Rozalia Kochkovska (Note: The name is sometimes transliterated as Rozalija Kockovska in English sources, but the correct spelling is Rozalia Kochkovska. Likewise in Cyrillic languages, the name is sometimes referred as Розалија Кочковска, but the correct spelling is Розалиа Кочковска.) (Macedonian: Розалиа Кочковска; 27 April 1953 – 18 December 2024) was a Macedonian judge who served as the inaugural president of the Administrative Court and later as president of the Higher Administrative Court of the Republic of Macedonia.

== Early life and education ==
Rozalia Kochkovska was born on 27 April 1953 in Skopje, Socialist Republic of Macedonia. She graduated from the Faculty of Law in 1977 and passed her judicial exam in 1979, laying the groundwork for her judicial career in Macedonia.

== Career ==
Rozalia Kochkovska began her career as a judicial trainee at the District Commercial Court in Skopje, later serving as a professional associate at both the District Commercial Court and the Supreme Court of Macedonia. From 1987 to 2007, she was a judge at the Basic Court Skopje I.

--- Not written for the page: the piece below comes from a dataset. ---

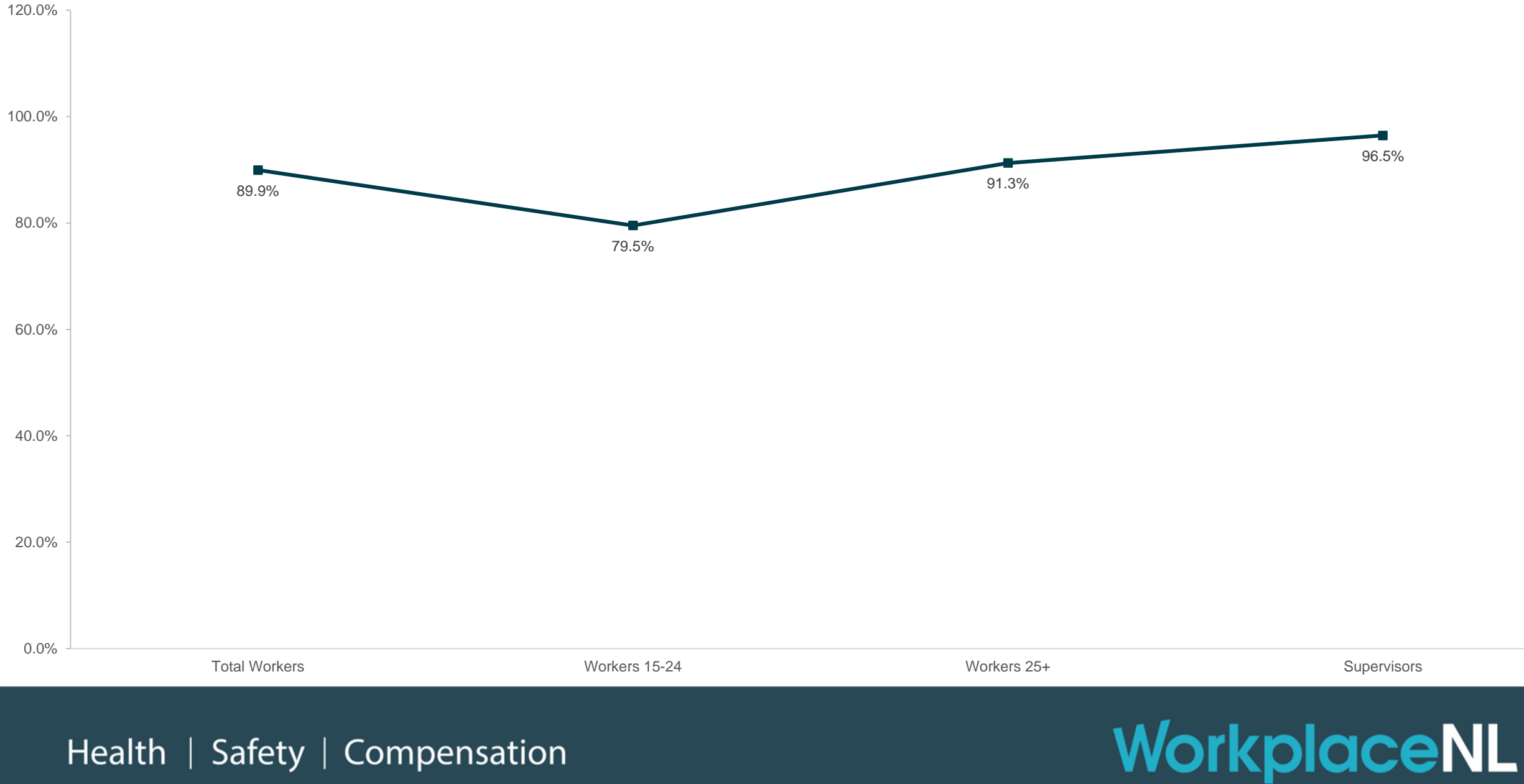
Health and Safety Awareness Survey Index By Group 2023

In 2007, she was elected as a judge and the first president of the newly established Administrative Court in Skopje, playing a key role in its formation under the 2006 Law on Administrative Disputes, part of Macedonia's judicial reforms aligned with European Union standards. "Introducing the Legal System of North Macedonia"

In 2011, Rozalia Kochkovska was appointed president of the Higher Administrative Court, overseeing appeals in administrative disputes.

== Death ==
Rozalia Kochkovska died on 18 December 2024 in Skopje, North Macedonia, at the age of 71.